Early on in his dismal Financial Statement Rishi Sunak said:
“At a time when the OBR has said that our fiscal headroom could be “wiped out by relatively small changes to the economic outlook,” it is right that the central fiscal judgement I am making today is to meet our fiscal rules with a margin of safety. The OBR has not accounted for the full impacts of the war in Ukraine, and we should be prepared for the economy and public finances to worsen, potentially significantly.”
[OBR: Office for Budget Responsibility.] Because of the current high rate of inflation the government will be receiving more in taxes than was previously expected. This unexpected extra revenue could, within Sunak’s economic framework, allow the government to engage in some extra spending without increasing the fiscal deficit. When Sunak refers to ‘fiscal headroom’, he is referring to this small windfall in tax receipts. Sunak could use it to subsidise energy costs. But Sunak has decided not to spend the windfall so that the government will be in a good financial position to deal with the next crisis.
There are two problems with Sunak’s ‘central fiscal judgement’. Firstly, it is completely false to state that the ‘public finances could worsen, potentially significantly’. The UK is a currency issuing state. It is not financially constrained. The pandemic proved this. During the pandemic Sunak made some £400 billion in furlough payments. He instructed the BoE, via supply orders in parliament, to mark up the bank accounts of all those entitled to payment – close to 20% of the workforce. The Debt Management Office (DMO), as a matter of course, issued government bonds equal to the difference between government spending and tax receipts. Most of these bonds were bought by the BoE which simply expanded its balance sheet by creating the money that the government needed to pay for furlough.
If there was another pandemic in 2023, the government could do exactly the same. The fact that it has increased national debt by £400 billion in 2020-2-22 in no way limits its ability to increase it in the future. A currency creating state is not financially constrained. It is resource constrained. Despite having limitless money Sunak could not, at the start of the pandemic, get his hands on Personal Protective Equipment since our own capacity to manufacture it was no longer available.
The second problem with Sunak’s claim that the government is financially constrained is that the Labour Party shares that belief. In her September 2021 conference speech some 6 months ago Shadow Chancellor Rachel Reeves stated
“Labour won’t be making promises we can’t keep or commitments we can’t pay for. That is why we would put in place fiscal rules that will bind the next Labour government to ensure we always spend wisely and keep debt under control, so that we have the means to transform schools, hospitals and communities, and pay for investment in the new industries and jobs that our country desperately needs.”

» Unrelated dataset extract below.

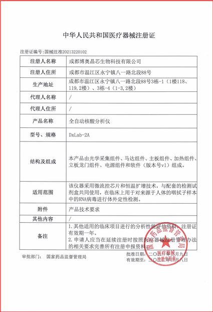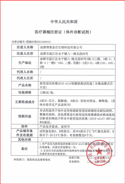 2021年2月10日,恰逢新春佳節(jié)來臨之際,依托國家科技部應急攻關項目,博奧聯(lián)合清華大學成功研發(fā)的由新型冠狀病毒2019-nCoV核酸檢測試劑盒(全集成碟式芯片法)(國械注準:20213400101)和全自動核酸分析儀(國械注準:20213220102)組成的全集成芯片實驗室獲國家藥監(jiān)局應急審批批準,為全國新冠肺炎疫情防控提供現(xiàn)場快速檢測“芯”利器。

However, in her response to Sunak’s Financial Statement, Reeves took the decision to present a more nuanced expression of that view in the context of the need to support public services:
“Growth is essential for funding our public services, keeping taxes under control and keeping a handle on public finances too. That is why Labour has announced a tough set of fiscal rules to get our debt and our deficit down. The truth is that, because of the Government’s failure to get the economy growing, the Chancellor has had to put up taxes on families and businesses a staggering 15 times.”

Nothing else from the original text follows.